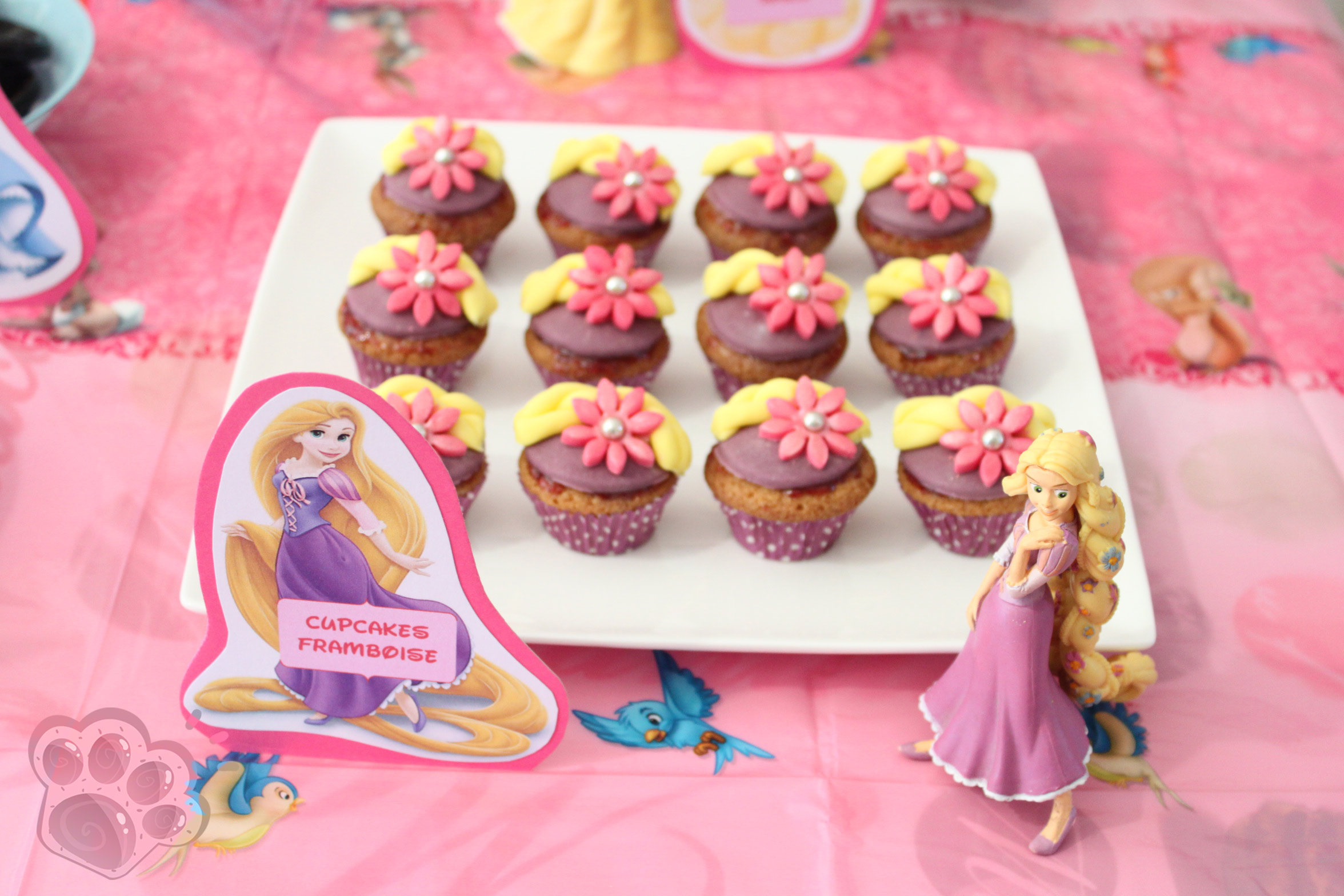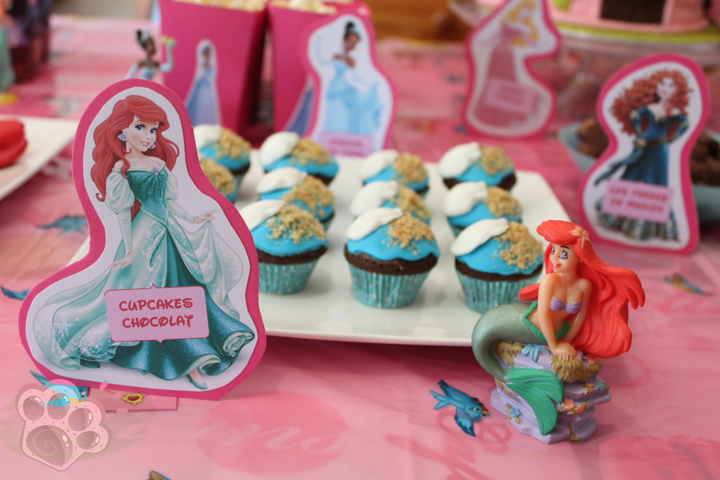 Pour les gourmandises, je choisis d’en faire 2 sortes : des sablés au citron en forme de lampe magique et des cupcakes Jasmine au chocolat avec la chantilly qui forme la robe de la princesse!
---
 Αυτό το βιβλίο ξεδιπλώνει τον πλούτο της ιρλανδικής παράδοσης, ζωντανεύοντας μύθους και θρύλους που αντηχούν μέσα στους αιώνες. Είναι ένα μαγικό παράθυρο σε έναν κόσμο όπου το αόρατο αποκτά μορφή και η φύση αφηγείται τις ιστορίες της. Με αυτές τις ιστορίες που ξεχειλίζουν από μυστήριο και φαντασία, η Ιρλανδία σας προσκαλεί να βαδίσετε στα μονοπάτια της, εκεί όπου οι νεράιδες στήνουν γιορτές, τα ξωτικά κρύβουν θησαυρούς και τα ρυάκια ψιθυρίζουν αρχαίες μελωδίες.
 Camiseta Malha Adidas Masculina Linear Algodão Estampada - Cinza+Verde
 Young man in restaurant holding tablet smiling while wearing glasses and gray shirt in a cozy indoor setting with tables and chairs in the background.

### [Exercise prompt]
Begin at the line that has "Αυτό το βιβλίο" in the entries above; stop after the line that has "Young man in". Transcribe exactly those lines and no others.

### [Answer to this problem]
 Αυτό το βιβλίο ξεδιπλώνει τον πλούτο της ιρλανδικής παράδοσης, ζωντανεύοντας μύθους και θρύλους που αντηχούν μέσα στους αιώνες. Είναι ένα μαγικό παράθυρο σε έναν κόσμο όπου το αόρατο αποκτά μορφή και η φύση αφηγείται τις ιστορίες της. Με αυτές τις ιστορίες που ξεχειλίζουν από μυστήριο και φαντασία, η Ιρλανδία σας προσκαλεί να βαδίσετε στα μονοπάτια της, εκεί όπου οι νεράιδες στήνουν γιορτές, τα ξωτικά κρύβουν θησαυρούς και τα ρυάκια ψιθυρίζουν αρχαίες μελωδίες.
 Camiseta Malha Adidas Masculina Linear Algodão Estampada - Cinza+Verde
 Young man in restaurant holding tablet smiling while wearing glasses and gray shirt in a cozy indoor setting with tables and chairs in the background.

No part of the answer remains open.